Но она не дала мне закончить.

— …Возможно, в этот раз ты делаешь это ещё сильнее, после Йена или после случившегося в Бангкоке. Или, возможно, это все из-за того дерьма, что произошло в Париже, и того, что он в итоге на месяцы оставил тебя одну. В любом случае, у него чрезмерная паранойя, или же он чрезмерно напуган — или же чрезмерно мужик, чтобы понимать, почему ты так поступаешь. Он лишь знает, что ты от него отгораживаешься, и это его пугает. Очевидно, он знает тебя недостаточно хорошо, чтобы понимать, что ты тоже с ума по нему сходишь… и он в ужасе из-за всего этого именно по данной причине.

Я чувствовала, как все крепче стискиваю зубы, пока она говорила. Я заставила себя выслушать все, но в конце концов поймала себя на том, что качаю головой.

— Это не все, Эндж.

— А что остальное? — она сделала ещё глоток вина, все ещё изумлённо улыбаясь мне. — Ещё больше этого инопланетного дерьма видящих?

Я наградила её недоверчивым взглядом.

— Теперь, когда ты упомянула об этом, да. Тут чертовски много этого «инопланетного дерьма видящих», как ты выразилась.

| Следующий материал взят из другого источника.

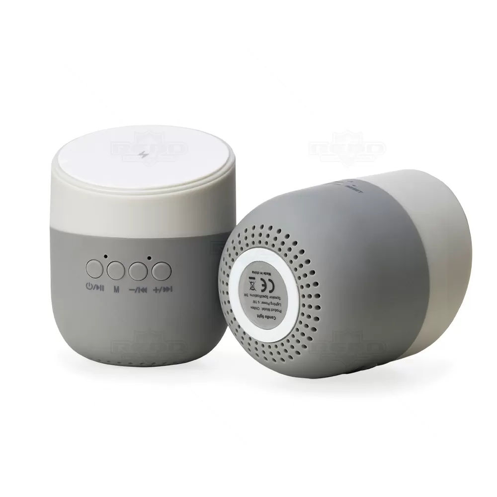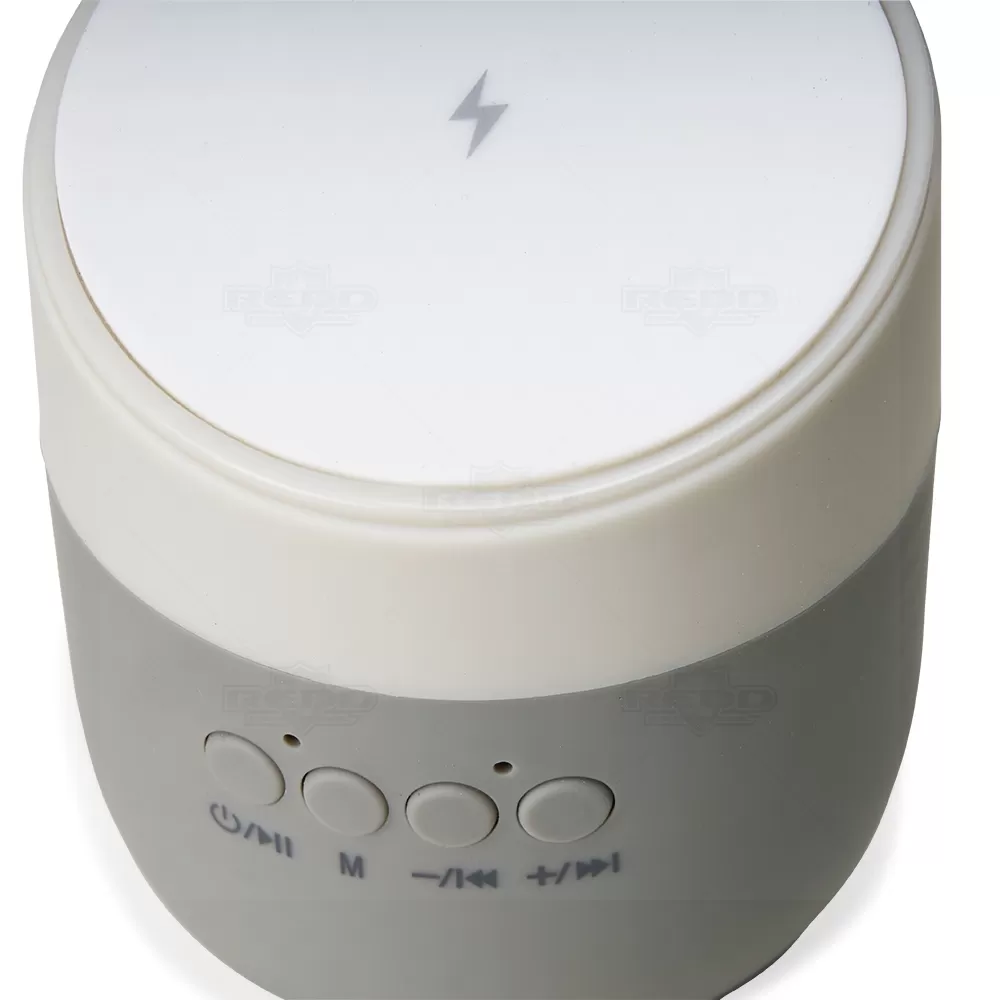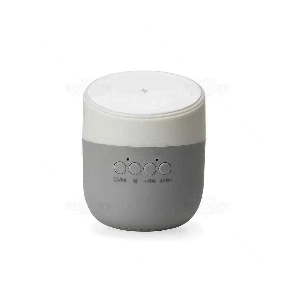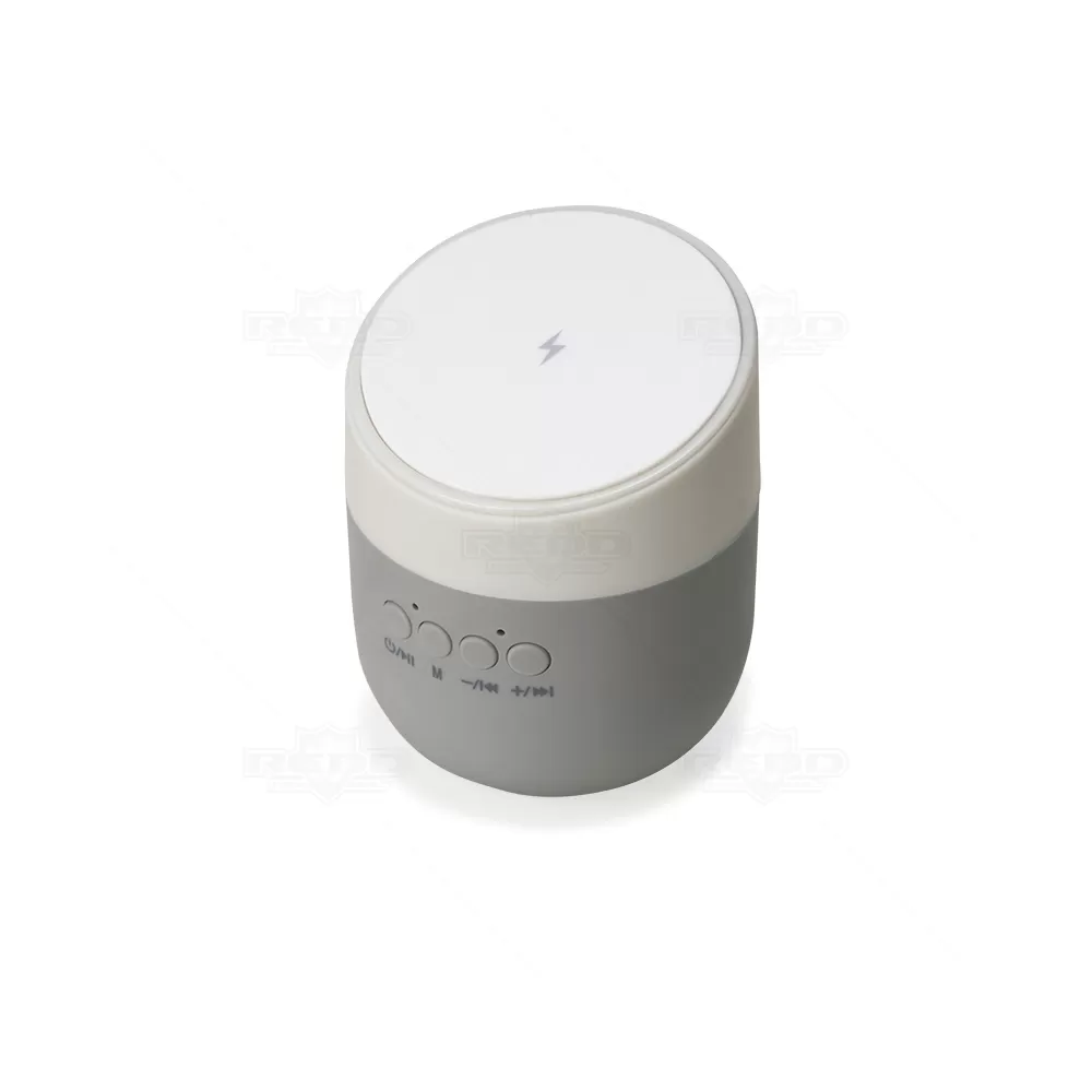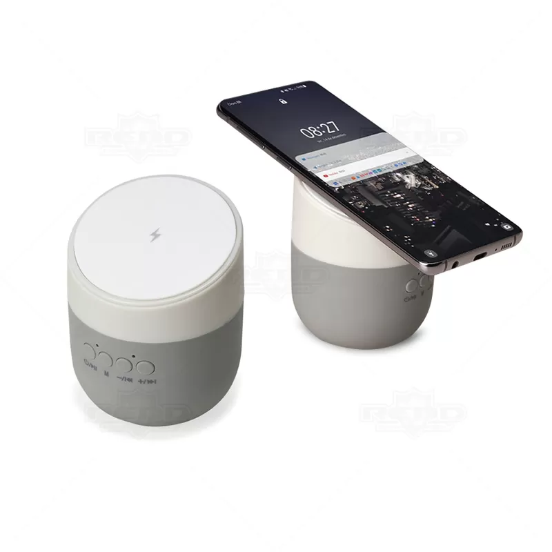 Caixa de som personalizada, com carregador wireless (por indução), produzida em material plástico resistente, a caixinha possui antiderrapantes emborrachados na parte inferior e na área de indução. Para desfrutar do carregamento é fundamental que o celular possua a tecnologia QI – desta maneira é possível carregar o celular apenas posicionando-o sobre o carregador, sendo necessário apenas conectar o carregador à uma fonte de energia (USB ou diretamente na tomada). A caixinha executa nos modos bluetooth e cartão TF (microSD) e acompanha cabo USB. Ideal para brindes promocionais e eventos corporativos. Imagem ilustrativa, itens decorativos não acompanham o produto.
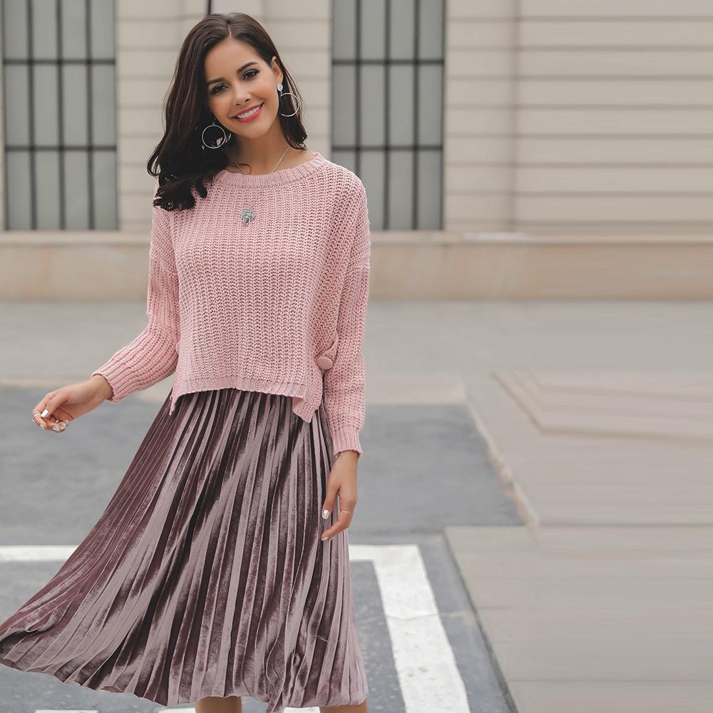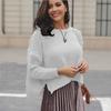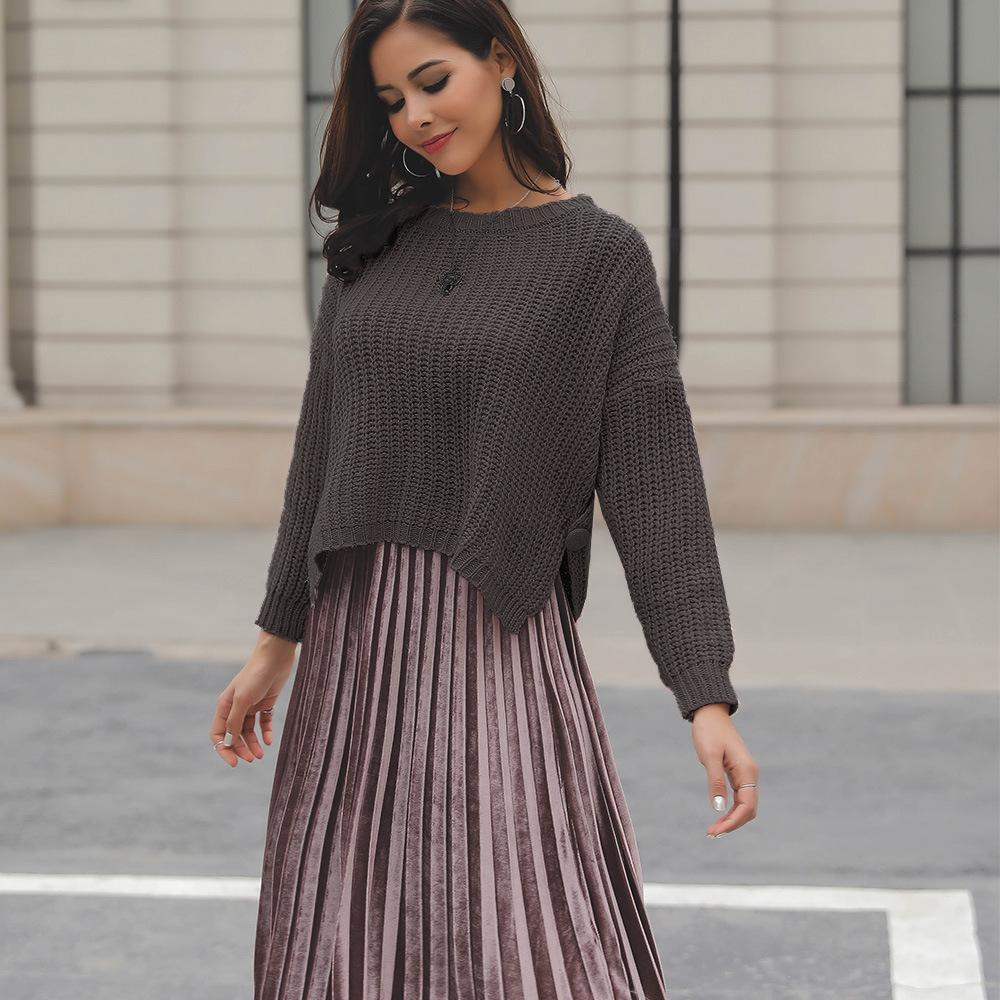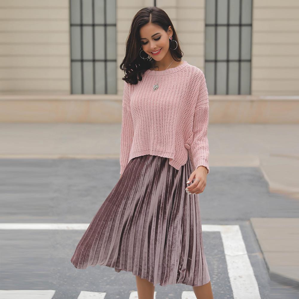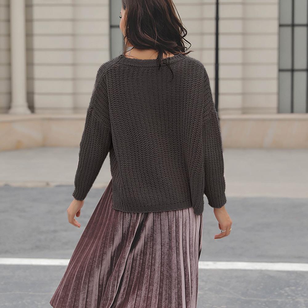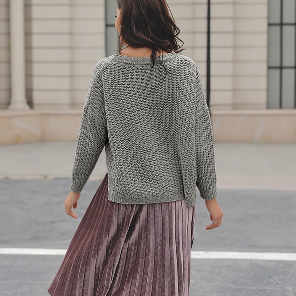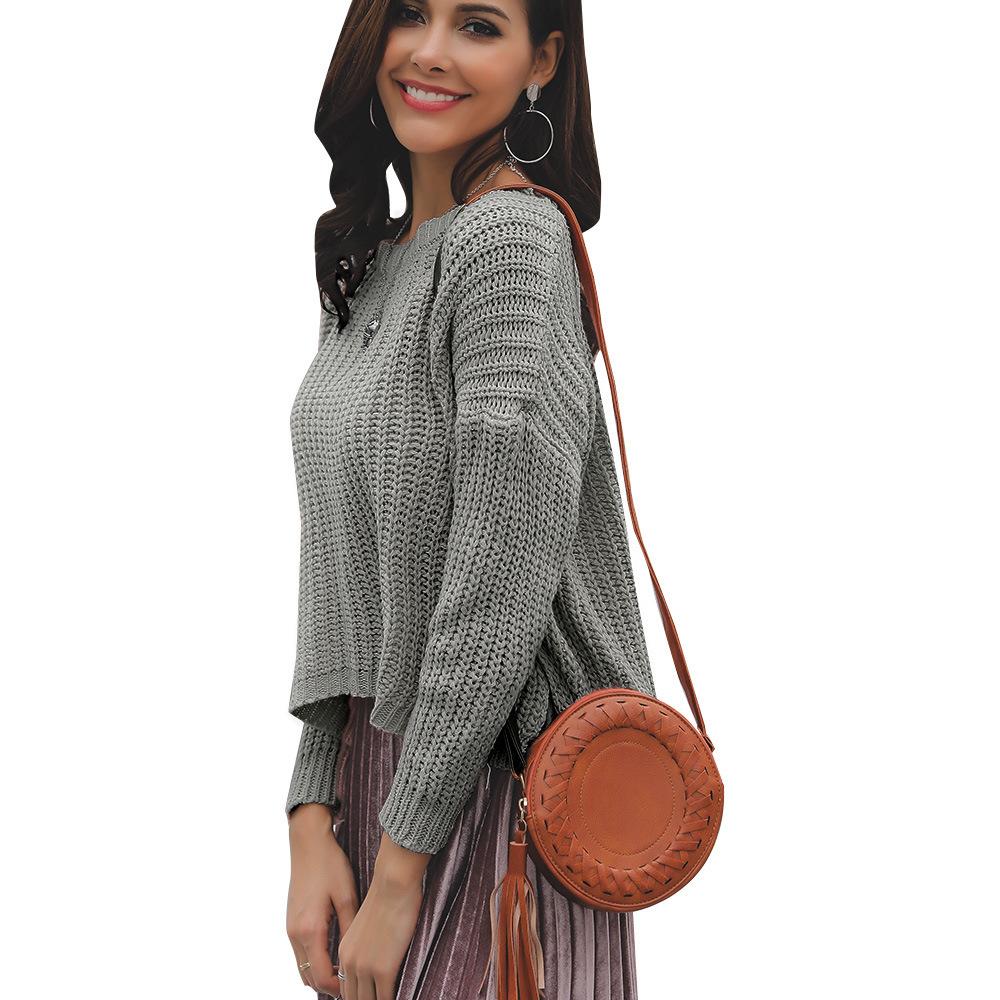 Suéter corto alto decorativo con hebilla de cartucho de punto básico de cuello redondo de color sólido de otoño e invierno para mujer de comercio exterior

И большую часть этого я совершенно не понимаю… а Блэк, похоже, думает, что я должна, даже если он не потрудился объяснить.

— Например? — спросила Энджел. — Или об этом ты тоже не можешь со мной говорить?

Раздражённо вздохнув, я попыталась сообразить.

— Например… я не знаю. Вместе мы ведём себя реально странно, Эндж. То есть, иррационально странно. Однажды вечером мы вышли поужинать, и я думала, что он выбьет дерьмо из своего старого друга, владевшего тем местом, просто потому, что он нашёл меня привлекательной. То есть, мы оба ведём себя как собственники…

Энджел саркастически фыркнула, но я также проигнорировала это.

— …Нездоровые собственники, — добавила я, сердито покосившись на неё. — И он несколько раз говорил мне, что возможно, все это станет только хуже перед тем, как ситуация улучшится… но он все ещё не объяснил, что такое «это», и что это значит. Мой дядя так говорил, будто вся эта история со связью… — я раздражённо махнула рукой. — …Типа большая штука. Типа это нечто ненормальное. Этого определённо не случается всякий раз, когда два видящих встречаются или начинают спать вместе. Дядя Чарльз говорил так, будто это изменит нас обоих. Навсегда, имею в виду.

— То есть ты попросила Блэка объяснить все это? Историю со связью?

— Я сказала ему, что нам надо поговорить, — сказала я. — О нас.

— Ты имеешь в виду сегодня? — уточнила она. Когда я кивнула, она нахмурилась ещё сильнее. — Ладно, но что вы обсуждали на эту тему ранее? До сегодняшнего дня?

— Ничего, — я покачала головой, делая глоток вина. Затем я пожала плечами. — Ну, он просил меня не спать ни с кем. Когда он был в Париже. Но это было месяцы назад. Прямо после того, как я напилась и поцеловала Ника… так что да, это была практически прямая реакция, потому что он решил, что я пересплю с Ником, если он не попросит меня этого не делать, — покачав головой, я запустила пальцы в волосы, бормоча: — Вероятно, он будет без конца припоминать это мне.

— Подожди, — Энджел подняла руку. — Вы спали вместе с самого Парижа, и вы даже ни разу не поговорили об этом? О том, что происходит между вами?

Я покачала головой.

— Нет.

— Прошло… три недели? У вас не было ни одного разговора на эту тему?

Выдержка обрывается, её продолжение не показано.